English translator, author and journalist (1929–2001)

George Anthony Bull (23 August 1929 – 6 April 2001) was an English translator, author and journalist.

==Education==
Bull attended Wimbledon College in Wimbledon, London before reading History at Brasenose College, Oxford.

==Career==

===Journalism===
Bull worked for the Financial Times, McGraw-Hill World News and for Director magazine, where he was editor-in-chief until 1984. He was appointed the director of the Anglo-Japanese Economic Institute in 1986. He was a director of Central Banking Publications in addition to being the founder and publisher of the quarterly publications Inside Japan and International Minds.

===Translations===
He translated six volumes for the Penguin Classics series: Benvenuto Cellini's Autobiography (1956), The Book of the Courtier by Castiglione (1967), Lives of the Artists by Giorgio Vasari (two volumes, 1987), The Prince by Niccolò Machiavelli (1961), and Pietro Aretino's Selected Letters (1976). His translation of The Prince, although discontinued by Penguin, continues to be lauded as the "most stylistically elegant" in English.
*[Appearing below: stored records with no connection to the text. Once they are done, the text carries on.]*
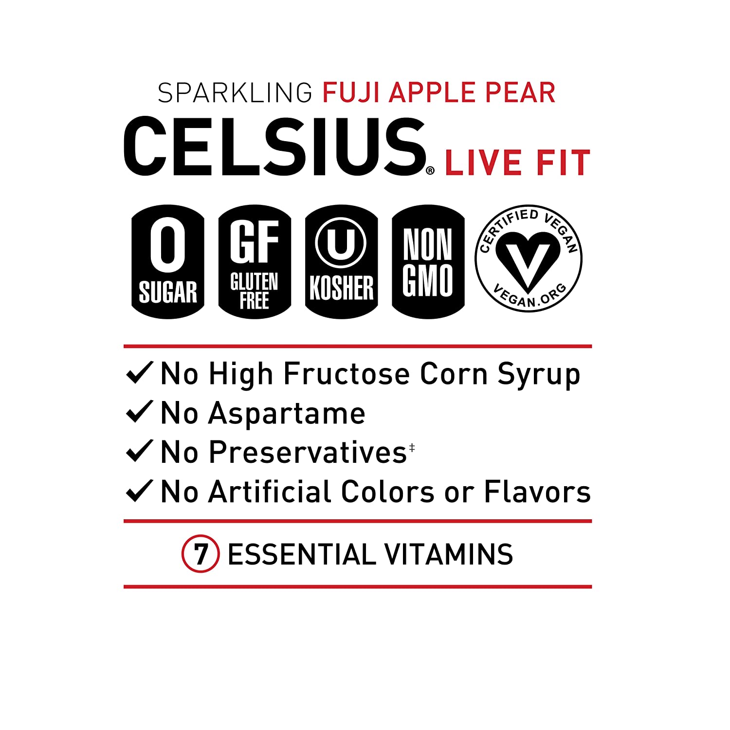 CELSIUS Essential Energy Drink 12 Fl Oz. Sparkling Fuji Apple Pear (Pack of 12)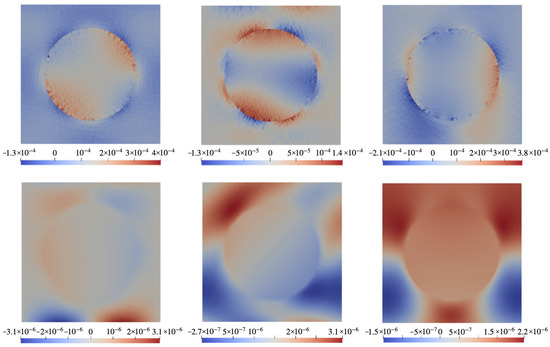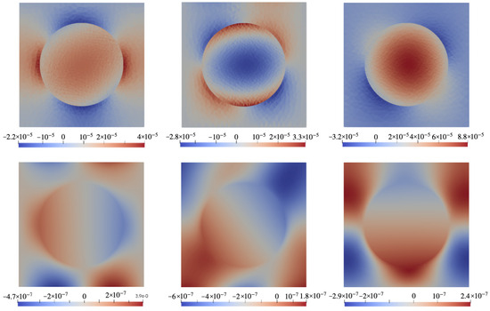 Color maps of mechanical stress σ and electric potential in plane of the cell with configuration B (Figure 2b) under field directed along for a CFO-like particle with ppm. Top row: components (left), (center), (right); bottom row: electric potential under poling directions (left), (center), (right).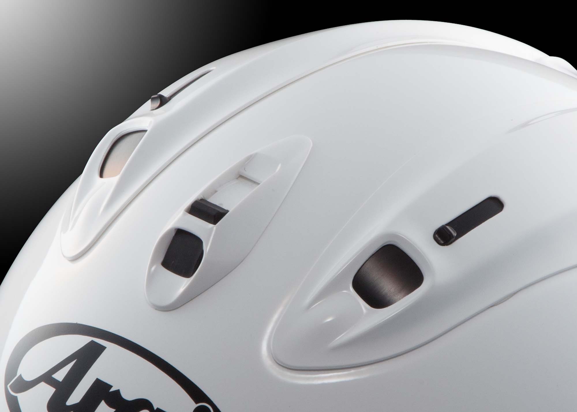 The top-center vent brings in 11% more air than its predecessor, and is a noticeable improvement. The Corsair-V was a well-venting helmet, and somehow Arai has found a way to improve upon this. Kudos.

He was consultant editor to Penguin Business Series.

===Authorship===
His other books include Vatican Politics; Bid for Power (with Anthony Vice), a history of take-over bids; Renaissance Italy, a book for children; Venice: The Most Triumphant City, Inside the Vatican, and Michelangelo: A Biography.

==Honours==
Bull was elected a Fellow of the Royal Society of Literature in 1981 and a vice president of the British-Italian Society in 1994. He was awarded an OBE in 1990. Hel was made Knight Commander of the Order of St Gregory in 1999, and was awarded the Order of the Sacred Treasure, Gold rays with Neck Ribbon (Japan) in 1999.

== Personal life ==
George was survived by his wife, Doreen ( Griffin), and their four children, Catherine, Julian, Jennifer, and Simon.